Republic F-105D-5-RE (S/N 59-1719) in flight. (U.S. Air Force photo)(From a 1950's release) "A test pilot lines up with the Air Force's newest supersonic jet, the Republic F-105, and an assortment of the armamnet said to give the one man fighter-bomber as much destructive power as an entire big bomber formation of World War II. External stores displayed are (foreground) 2.75 in. rockets; Vulcan cannon (directly behind pilot) which can fire 6,000 rounds per minute of 20mm ammunition shown on either side. Boxes directly behind contain electronic equipment. Left side (L-R): first row: rocket launcher; air-to-air missiles with launcher; second row: fire bomb; chaff dispenser; 450 gallon wing fuel tank; "buddy" refueling tank; third row: fire bomb; two 750 pound bombs; 1000 pound bomb; bomb-carrying pylons; (extreme top left) flare dispenser. Right side next to plane (top to bottom) nuclear weapon bombing trainer; secret nuclear weapons; next vertical row: practice bombs; bomb bay fuel tank. (Note: all other items, including the pylons behind the practice bombs, are duplicates.) The F-105 carries nuclear wepons externally of internally. the "half shell" object to the left of the nose is the center fuselage nuclear bomb-carrying pylon." (U.S. Air Force photo) Republic F-105D-30-RE (S/N 62-4234) in flight with full bomb load. (U.S. Air Force photo)

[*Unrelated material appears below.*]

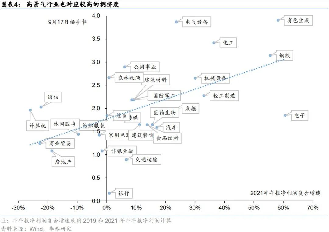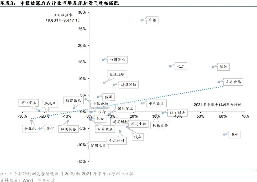 具体来说,中报披露前后市场对于周期板块的高景气状态达成共识。横向比较来看,有色金属、钢铁、化工等上游资源类行业以及电力设备等成长行业半年报净利润复合增速处于市场前列(采用2019和2021年半年报净利润计算)。高景气行业的业绩也得到了市场反馈,从8月31日至今各行业的涨幅和净利润增速成明显的正相关关系。
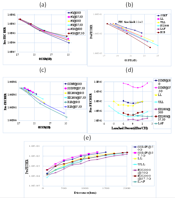 圖2(c)展示了1000km傳輸后普通單模光纖和EX2000光纖在50GHz和37.5GHz兩種柵格下的誤碼率曲線,主要目的在于研究靈活柵格對(duì)于傳輸?shù)挠绊憽T贔EC門限處,37.5GHz相比50GHz的代價(jià)對(duì)于兩種光纖都是0.4dB左右。這也證明對(duì)于超100G系統(tǒng)長(zhǎng)距離傳輸,靈活柵格是可以使用的。圖2(d)展示了1000km傳輸后不同光纖的誤碼率和入纖功率的曲線。其中,低損、超低損和大有效面積光纖是在50GHz柵格下測(cè)試,單模光纖和EX2000光纖在兩種柵格下都進(jìn)行了測(cè)試。在50GHz柵格下,大有效面積光纖的入纖功率最大,EX2000其次。37.5GHz柵格下入纖功率略小,這是因?yàn)楦o密的通道會(huì)帶來更大的非線性噪聲。圖2(e)展示了不同光纖在50GHz柵格下,F(xiàn)EC糾錯(cuò)前誤碼率和傳輸距離的關(guān)系。和前面一樣,單模光纖和EX2000光纖在兩種柵格下都進(jìn)行了測(cè)試。其中大有效面積光纖只進(jìn)行了1000km的測(cè)試,因?yàn)檫@種光纖只準(zhǔn)備了1000km。在各個(gè)距離下,大有效面積、超低損和EX2000光纖具有最好的誤碼率性能。其中,超低損和EX2000光纖在50GHz和37.5GHz兩種柵格下都傳輸了2000km的距離,并且還沒有達(dá)到FEC門限的誤碼率,這表示兩種光纖還有潛力可以傳輸更遠(yuǎn)。同時(shí),不同光纖的系統(tǒng)在不同柵格下都在所能傳輸?shù)臉O限距離進(jìn)行了長(zhǎng)時(shí)間測(cè)試,24小時(shí)之內(nèi)均保持FEC糾錯(cuò)后誤碼率為0的性能,這也代表測(cè)試中400G系統(tǒng)的成熟度。

From the start of ROLLING THUNDER it was apparent more aircraft were required – and not just to cover the mounting losses from AAA and a new threat, the SA-2 surface-to-air missile. The size of the target set was growing as the decision makers back in Washington planed a graduated and sustained air campaign to influence North Vietnam’s behavior. In September, after having traded their two-seat F-105Fs for single seat F-105Ds, the 334th departed its temporary location at Homestead (Seymour Johnson’s runway was being repaved) for Takhli Royal Thai AFB by way of Hickam AFB. Positioned in central Thailand, Takhli was equidistant to North and South Vietnam, but the F-105s were destined for sorties to the far more treacherous North. Arriving on September 2nd, the 334th would be assigned to the 355th TFW which was permanently re-located from McConnell AFB.

Takhli RTAFB, ca. 1965
Following the model developed in WWII and employed in Korea, tactical air forces were assigned transportation infrastructure to target. Rail yards, transportation centers and key choke-points – like bridges, were prominently featured on the target list. Around Hanoi, there were several such vital rail bridges, one of the most (in)famous being the Paul Doumer bridge southwest of Hanoi. To the north lay the the bridge at Cao nung that served the rail line between North Vietnam and China. It like so many other key facilities in and around Hanoi was guarded by heavy AAA, including 37mm, 57mm, 85 and even 100mm weapons. In early 1965 it was estimated there were on the order of about a thousand in North Vietnam – by the end of the year it had grown to over 2,000 spread across 400 key sites and supported by SA-2s and MiG-17s. It was a lethal mix that the Thuds were headed into, given early testimony by the first two attacks on the Thanh Hoa bridge  and subsequent attacks against SAM sites in the Hanoi region were to prove. One of the earliest casualties for the 334th was the CO, LtCol Killian, shotdown by an SA-2 while on a strike against the road and railroad bridge at Ninh Binh on 30 Sep 1965. On December 1, 1965, just a few days shy of his 35th Birthday, Capt Ted Reitmann climbed aboard his F-105D-25-RE (s/n 61-0182) as part of a strike package set against the Cao nung railroad bridge. During the ingress to the target, his aircraft was struck by AAA causing it to go out of control and crash two miles from the target – about 50 miles NE of Hanoi. No ejection was noted.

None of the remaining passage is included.